Mount SMB/CIFS share within a Docker container

Solution 1:

Yes, Docker is preventing you from mounting a remote volume inside the container as a security measure. If you trust your images and the people who run them, then you can use the --privileged flag with docker run to disable these security measures.

Further, you can combine --cap-add and --cap-drop to give the container only the capabilities that it actually needs. (See documentation) The SYS_ADMIN capability is the one that grants mount privileges.

Solution 2:

  1. yes
  2. There is a closed issue mount.cifs within a container

https://github.com/docker/docker/issues/22197

according to which adding

--cap-add SYS_ADMIN --cap-add DAC_READ_SEARCH

to the run options will make mount -t cifs operational.

I tried it out and:

mount -t cifs //<host>/<path> /<localpath> -o user=<user>,password=<user>

within the container then works

Solution 3:

You could use the smbclient command (part of the Samba package) to access the SMB/CIFS server from within the Docker container without mounting it, in the same way that you might use curl to download or upload a file.

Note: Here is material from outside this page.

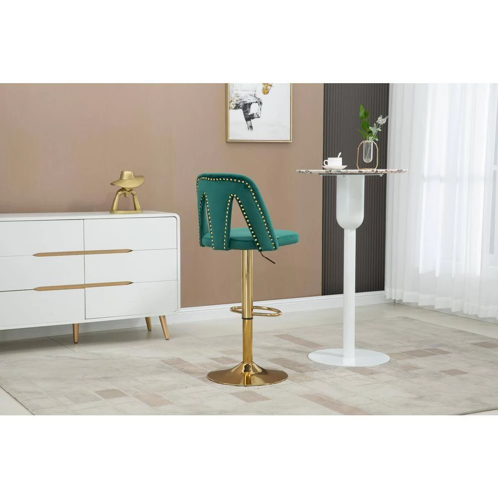 - [Give You Excellent Comfort] the velvet bar stool is covered with tufts, delicate and soft. Built in high-quality foam, high cushion thickness. When you sit down, you can immediately feel its softness. The curved back design can increase the fashion sense and reduce the waist pressure. Chic handrails add comfort. This classic height adjustable rotary bar stool brings you a pleasant user experience.

There is a question on StackExchange Unix that deals with this, but in short:

smbclient //server/share -c 'cd /path/to/file; put myfile'

For multiple files there is the -T option which can create or extract .tar archives, however this looks like it would be a two step process (one to create the .tar and then another to extract it locally). I'm not sure whether you could use a pipe to do it in one step.

Solution 4:

You can use a Netshare docker volume plugin which allows to mount remote CIFS/Samba as volumes.